Tibet Lobby Day 2011 is far from over. National Tibet lobby events are coming up in Sydney, Australia; London, UK; and New Delhi. Stay tuned for more updates on how we’re building global political support to help bring an end to China’s occupation of Tibet.
Below is an article I wrote on the Huffington Post. It’s at this link: http://www.huffingtonpost.com/tenzin-dorjee/tienanmen-20-why-china-is_b_827685.html
Last spring, I was waiting for a bus in Cairo. Dawn was just breaking, and Tahrir Square, where the bus station was located, was empty except for the omnipresent face of Hosni Mubarak, on posters that covered giant billboards and buildings all over the city. In the cafes where men sipped tea and smoked hookahs, there was no smell of a revolution brewing.
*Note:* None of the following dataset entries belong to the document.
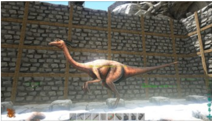
Ein frisch gefangener Gallimimus in der Tamingarena.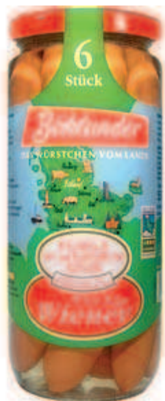
Im Glas stecken sechs Würstchen vom Lande, denen die Stiftung Warentest ein gutes Qualitätszeugnis ausstellte.

BERLIN – Zu den Lieblings Speisen der Deutschen – ob kalt oder heiß – zählen zweifelsohne Wiener Würstchen . Aber nicht alle sind auch ein Genuss. Die Stiftung Warentest verteilt in der August-Ausgabe ihrer Zeitschrift „test“ bei acht der 20 getesteten Marken ein „gut“, zwei Marken waren „mangelhaft“. Die beiden Testsieger „Böklunder“ aus Böklund in Schleswig-Holstein und „Halberstädter“ aus Halberstadt in Sachsen-Anhalt kamen aus dem Glas. Auch zwei Produkte aus dem Kühlregal wurden mit „gut“ bewertet. Viermal waren die Wiener nur „ausreichend“. Bei den mit „mangelhaft“ benoteten Wienern sei ein unangenehmer Geruch nach Scheuermittel aus der Verpackung geströmt, die Würstchen seien von einem schmierigen Film überzogen gewesen und hätten säuerlich geschmeckt, erklärten die Tester. Alle getesteten Würstchen erhielten mehr hochwertiges Muskelfleisch als die vorgeschriebenen 75 Prozent.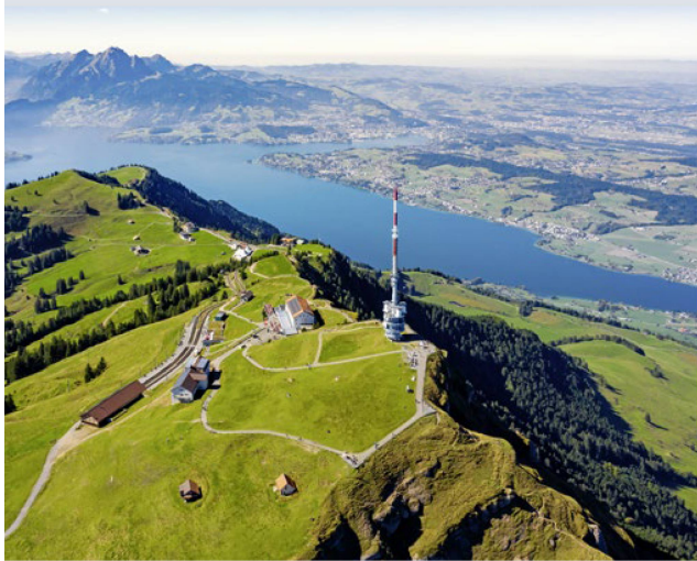
Prise de vue aérienne du Rigi avec vue sur le lac des Quatre-Cantons, le mont Pilate et le plateau lucernois.

et sera marqué par la présence d'un membre du gouvernement suisse et par la participation du monde économique et de la recherche, offrant ainsi de multiples occasions de réseautage. Les festivités comporteront des discours officiels, des animations et bien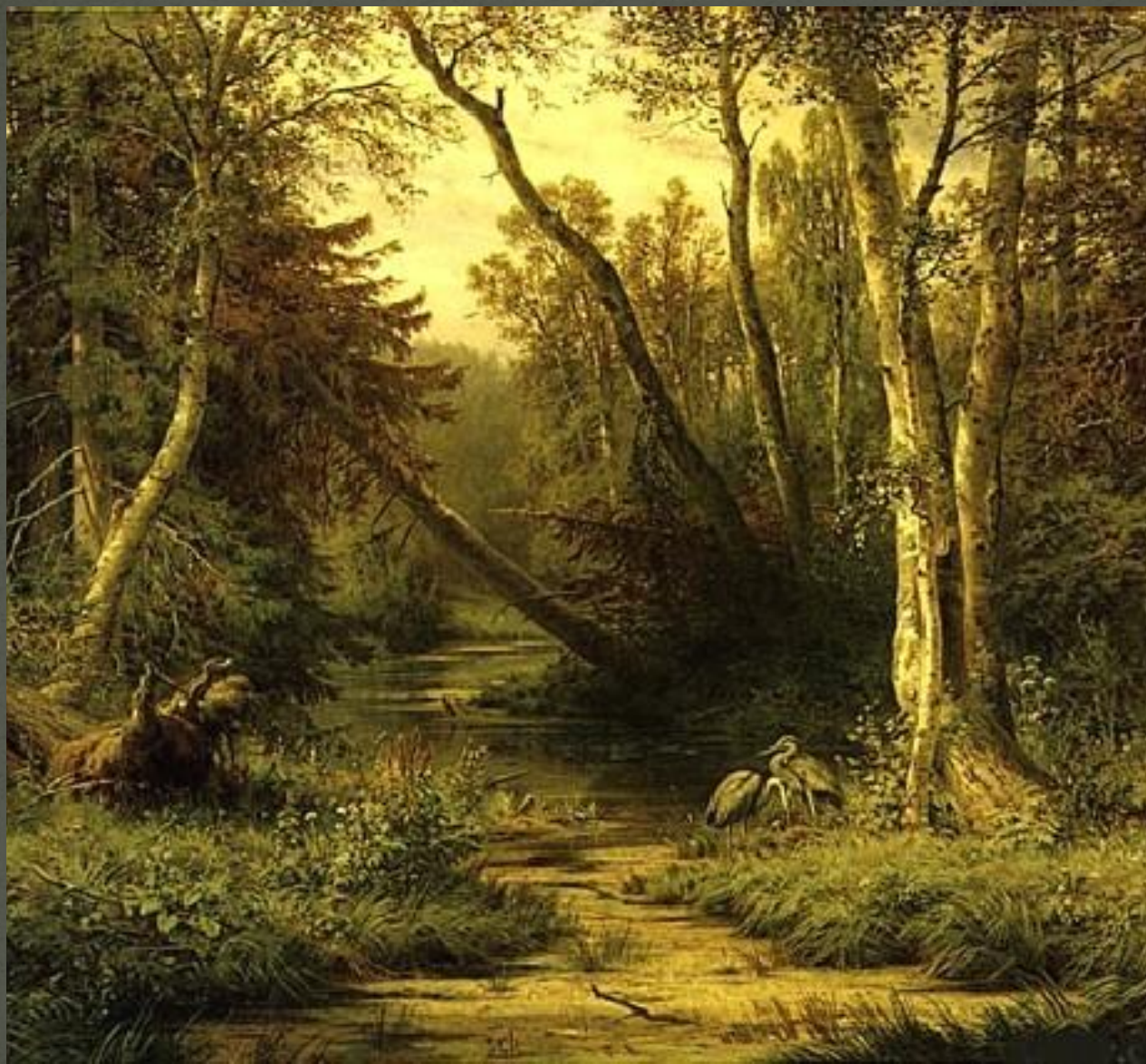
«Лесной пейзаж с цаплями» 1890г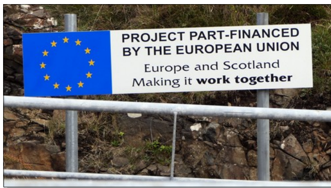
Paroles... paroles... paroles...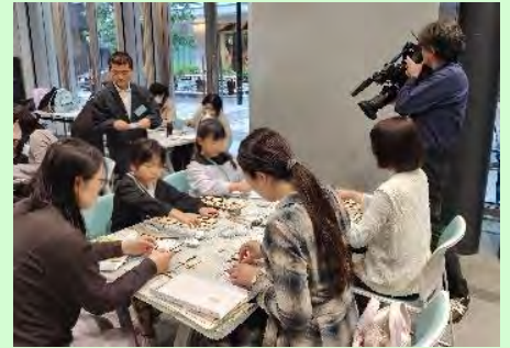
イメージを膨らましながらか作成される様子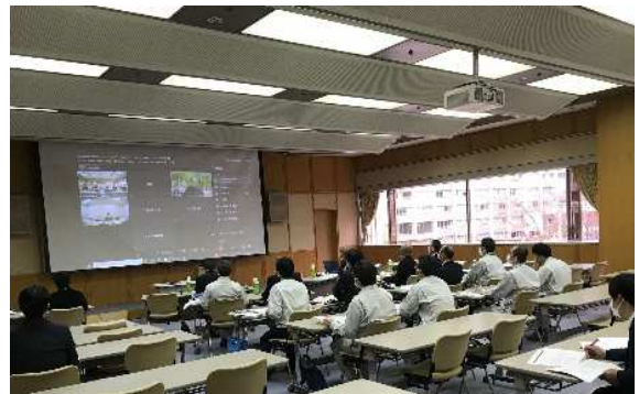
【第6回検討会の様子】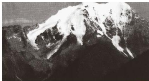
红军翻过的第一座大雪山——夹金山

遵义会议后，红军经过整编，提高了战斗力。毛泽东指挥红军，声东击西，四渡赤水，佯攻贵阳，打乱了敌人的“追剿”计划。然后挥师北进，渡过金沙江，跳出了敌人的重重包围。短暂休整后，红军继续北上，强渡大渡河，飞夺泸定桥，翻过了高耸入云、人迹罕至的大雪山，走过了遍布沼泽、杳无人烟的茫茫草地，突破敌人重兵把守的天险腊子口，进入甘肃。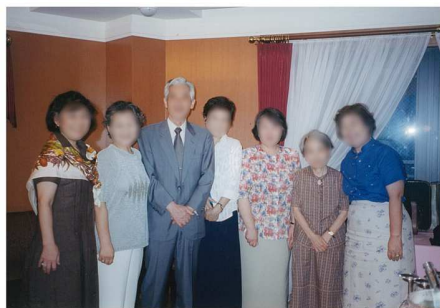
2001年大学院における特別講義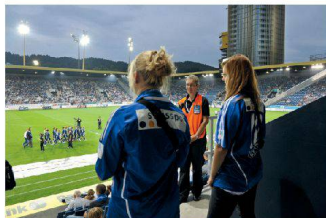
< Nah dran an der Mannschaft: Fans des FC Luzern.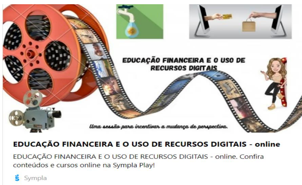
Imagem 5 – Curso Educação Financeira e o uso de recursos digitais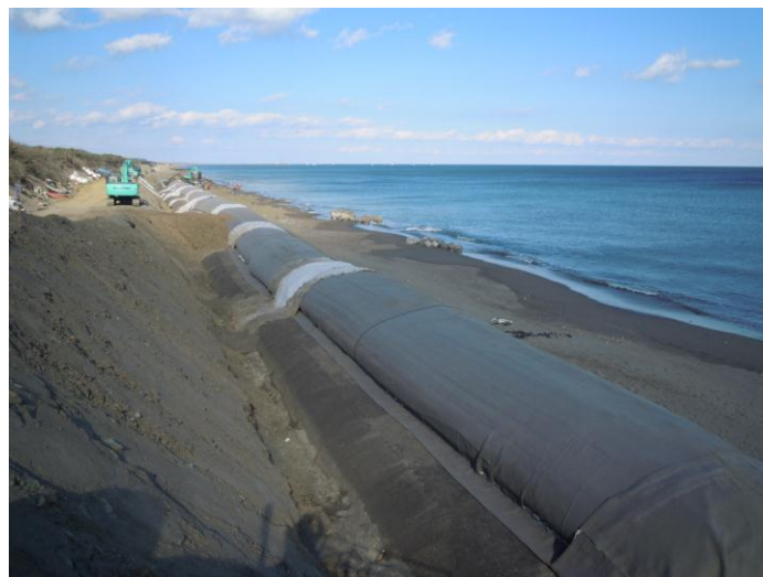
写真 - 使用例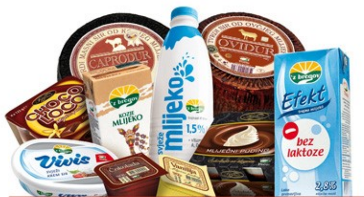
Slika 5. Mliječni proizvodi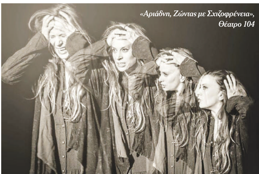
«Αριάδνη, Ζώντας με Σχιζοφρένεια», Θέατρο 104

Το θέατρο (μέσα από τα κατάλοιπα της υλιστικής κι άθους πλέον τελετουργίας – παραδοσιακής ή νεότευκτης) λειτουργεί και δραμα-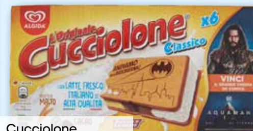
Cucciolone Algidia g 480 al kg € 6,02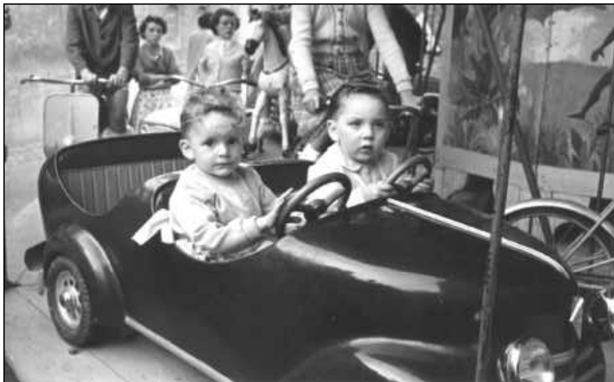
Cette image sera dans la brochure "Mémoire d'un siècle à Villers Marmery". Nous recherchons toujours des photos des vieux métiers et des commerces ainsi que du moulin et du C.B.R...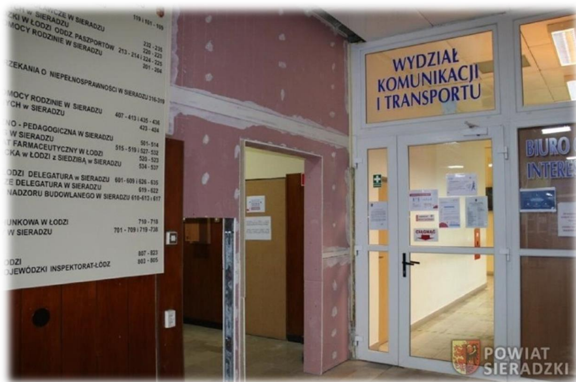
fot. W 2021 kontynuowano realizację inwestycji pod nazwą „Dostosowanie istniejącego budynku A Starostwa Powiatowego w Sieradzu do aktualnych przepisów p-poż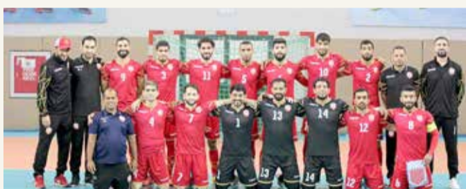
منتخب كرة الصالات

الصين وإندونيسيا وأوزبكستان. وينص نظام التأهل في البطولة الآسيوية على ترشح صاحبي المركزين الأول والثاني لربع النهائي، فيما ستأهل 5 منتخبات من البطولة ذاتها لمونديال 2021.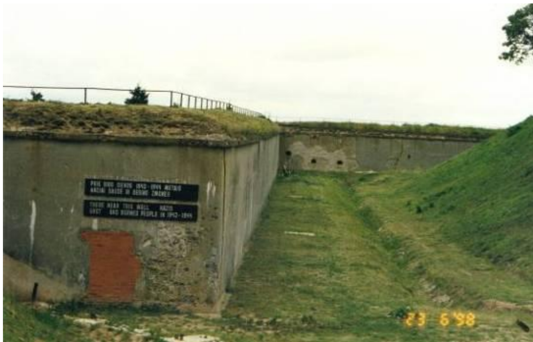
קיר המוות בפורט התשיעי [4]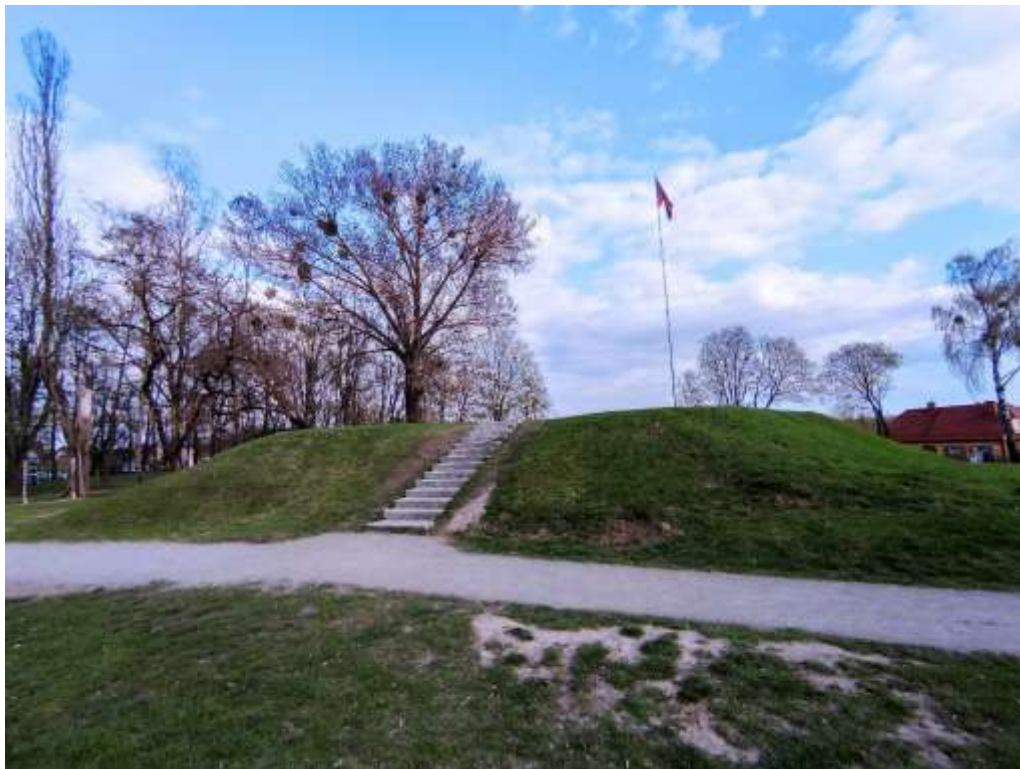
Nr. 3 Pavadinimas Kauno tvirtovės 9-osios baterijos liekanų komplekso baterijos liekanos Data 2021-04-29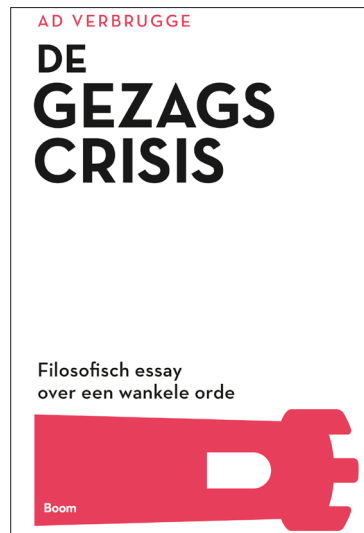
Adriaan Verbrugge De Gezagscrisis Boom uitgevers, 2023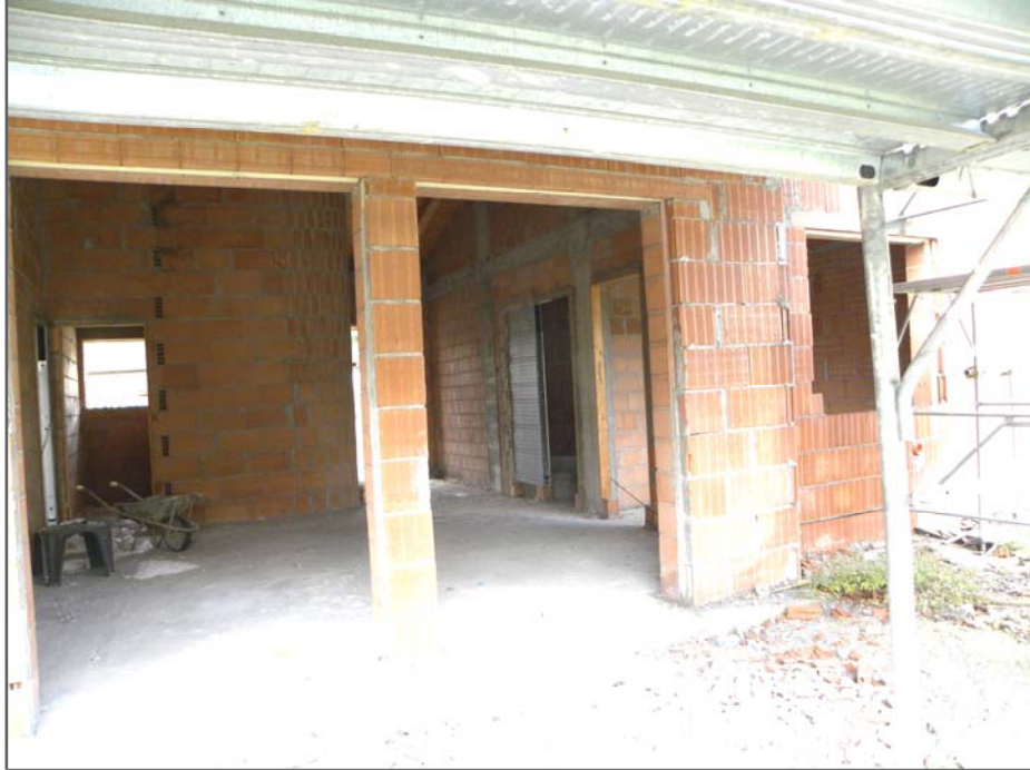
Zugliano di Pozzuolo del Friuli (UD): #03-corpo Est di 4 unità (stato degli interni)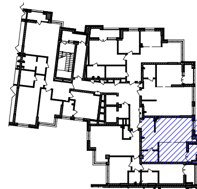
План 12,13,14-го поверхів

Instead, there was a lingering sense of resignation that the country might be condemned to live under Mubarak forever.
Less than a year later in January, images of the Egyptian revolution flashed across TV screens worldwide, and Tahrir Square had become unrecognizable! As people power explodes across the Arab world — first in Tunisia, then in Egypt, now in Bahrain, Libya and elsewhere — one can’t help but wonder if we may be witnessing the fourth wave of democratization. If so, can 1.5 billion people living under the Chinese Communist Party ride this wave to democracy and freedom?
Before the dust has settled on the Arab spring, analysts are citing poverty, unemployment and corruption as the three main causes of the uprisings in Egypt and Tunisia. Arguing that these socioeconomic conditions and statistics are missing in today’s China, some are quick to dismiss any possibility of Beijing’s rule being shaken by the Tunisia effect. But let us remember an enduring lesson from history. Statistics don’t make revolutions; people do.
A few years ago, I traveled to Palestine to attend a conference on nonviolence with a friend of mine. One evening, after the panels and workshops were over, we found ourselves sitting with the pioneering theorist of nonviolent conflict, Dr. Gene Sharp. Discussing the likelihood of mass protests in Tibet and China, we asked him what he thought was the single most important ingredient to make a revolution.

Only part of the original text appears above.